Locks grouped by object:
Locker   Mode      Count Status  ----------------- Object ---------------
8000009f WRITE         1 HELD    data.db                   page          7
800000a4 READ          1 HELD    history.db                page          1
8000009f WRITE         1 WAIT    history.db                page          1
       1 READ          1 HELD    data.db                   handle        0
       3 READ          1 HELD    history.db                handle        0
8000009f WRITE         1 HELD    history.db                page          3
800000a4 WRITE         1 WAIT    history.db                page          3

800000a4 WRITE         1 HELD    data.db                   page          9


That's a very fun dump, first, since my code does not grab read lock at all, I use read-modify-write flags, which should end up with write lock for the read operation. Second, because to read and then update the entry I have to grab two locks. For the same entry: on page 1 and 3. And two threads get them in diffrent order.

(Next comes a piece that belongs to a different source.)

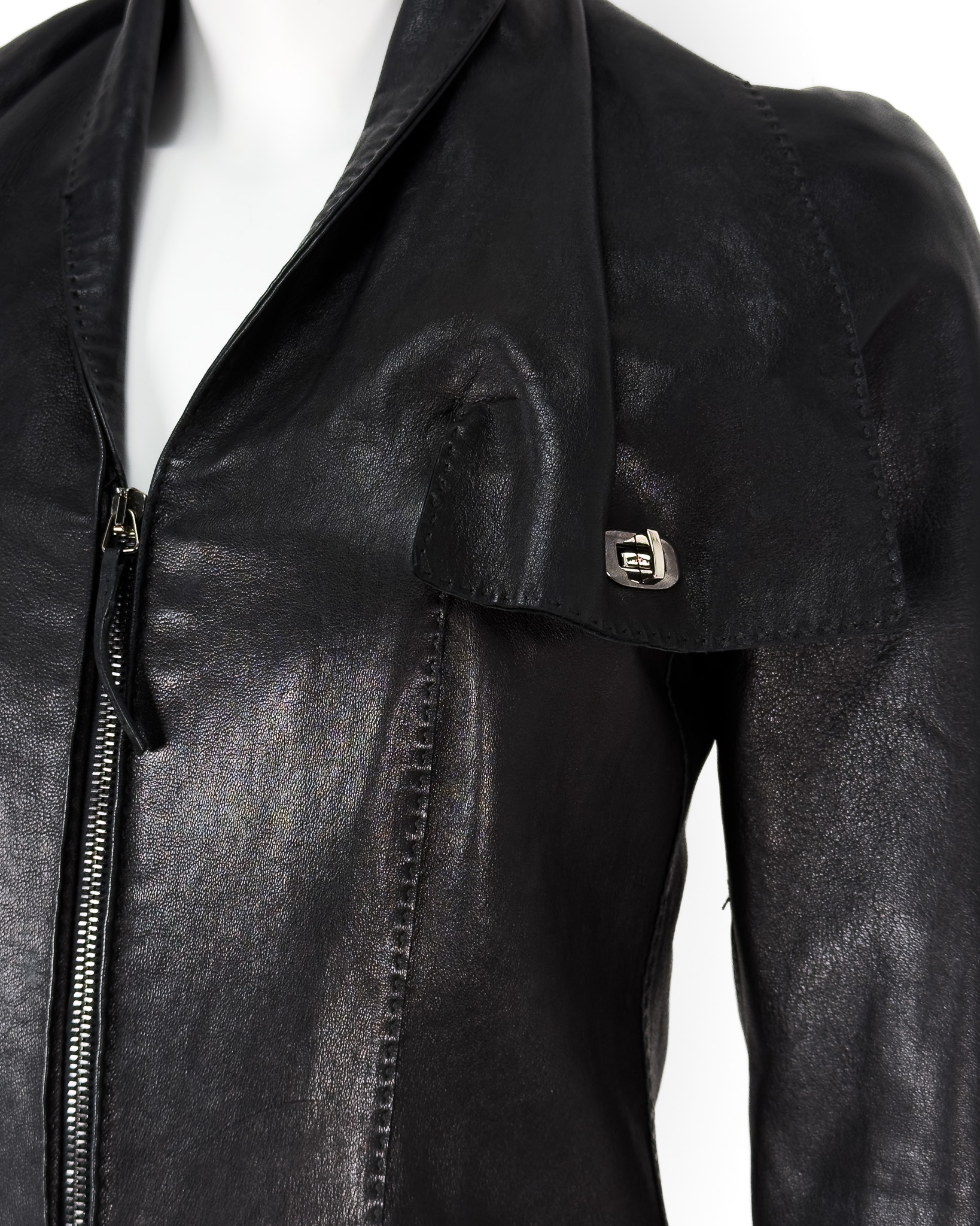 "Czarna kurtka skórzana, miękka skóra, szeroki kołnierz wykończony srebrnym przekręcam zapięciem na kieszeniach w okolicy biustu, taliowana, cztery kieszenie z klapami, zapinana na dwa suwaki, delikatne poduszki na ramionach, ozdobiona stębnowaniem. Rozmiar z metki IT 40. Skład: 100% skóra owcza; podszewka: 60% acetat, 40% rayon. Wymiary: szerokość mierzona od pachy do pachy 43cm, długość całkowita 62cm."

Code in question is rather trivial:
   memset(&key, 0, sizeof(DBT));
  memset(&data, 0, sizeof(DBT));

    key.data = cmd->id;
     key.size = DNET_ID_SIZE;

      data.size = 0;
     data.flags = DB_DBT_USERMEM;

        err = e->db->get(e->db, txn, &key, &data, DB_RMW);

        offset = data.size;


   memset(&key, 0, sizeof(DBT));
  memset(&data, 0, sizeof(DBT));

    key.data = cmd->id;
     key.size = DNET_ID_SIZE;

      data.data = io;
    data.doff = offset;
        data.ulen = sizeof(struct dnet_io_attr);
   data.dlen = sizeof(struct dnet_io_attr);
   data.size = sizeof(struct dnet_io_attr);
   data.flags = DB_DBT_PARTIAL | DB_DBT_USERMEM;

 err = e->db->put(e->db, txn, &key, &data, 0);

There is no other code ever started.
My explaination (and it somehow correlate with the above read locks, which were never taken) is related to the read-modify-write flag and likely can be observed with pure reading also. Page one above likely contains index or some other metadata needed to be checked when reading, so we lock it read-only. But data entry itself is locked read-write (according to read-modify-write flag) on the page 3. Another thread already checked the index and now wants to put some new entry into the btree (also on the page 3), and thus has to write-lock the index, which will deadlock: thread 1 has readlock A and waits to writelock B, thread 2 has writelock B and waits to writelock A.

I can not say if BDB 4.7.25 really has this logic inside, but commenting out RMW reading fixes the problem.
Thinking...